Hello announced his plan to run for the 2024 Democratic presidential nomination on Wednesday in Boston, saying his “mission over the next 18 months of this campaign and throughout my presidency will be to end the corrupt merging of state and corporate power that now threatens to impose a new kind of corporate feudalism on our country.”

“My husband, Robert Kennedy Jr., announced today that he will be running for president and I support his decision,” the 57-year-old Curb Your Enthusiasm star said in a statement, adding that he“A fearless leader who understands the needs of the American people and has dedicated his life to fighting for democracy.”

Hines did not always support all of her husband’s views.

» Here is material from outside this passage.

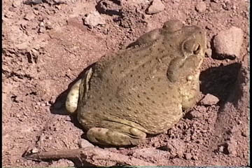This small animal may well be the direct descendant of the one shown far below, at right -- an example of the Sonoran Desert Toad (Bufo alvarius), shown below feasting upon a fully grown Woodhouse Toad (Bufo woodhousei). Only the two hind limbs of the Woodhouse Toad are visible as it disappears into the larger toad's maw. Click on the image for a close-up.

Although Kennedy was once known primarily as an environmental lawyer, over the past two decades he has become better known as one of the leading voices of the anti-vaccine movement.

As a result, he was called out by family and friends for his views, such as in 2019 when two siblings and a niece said political that Kennedy was part of a “campaign to attack institutions designed to lessen the tragedy of preventable infectious disease.”

Kennedy’s sister, Kerry Kennedy, who heads Robert F. Kennedy Human Rights, an international human rights group founded by their mother, Ethel, told The Associated Press in a 2021 interview her brother is “completely mistaken in [the vaccine] problem and very dangerous.

But Hines also criticized the behavior of her husband, whom she has been married to since 2014.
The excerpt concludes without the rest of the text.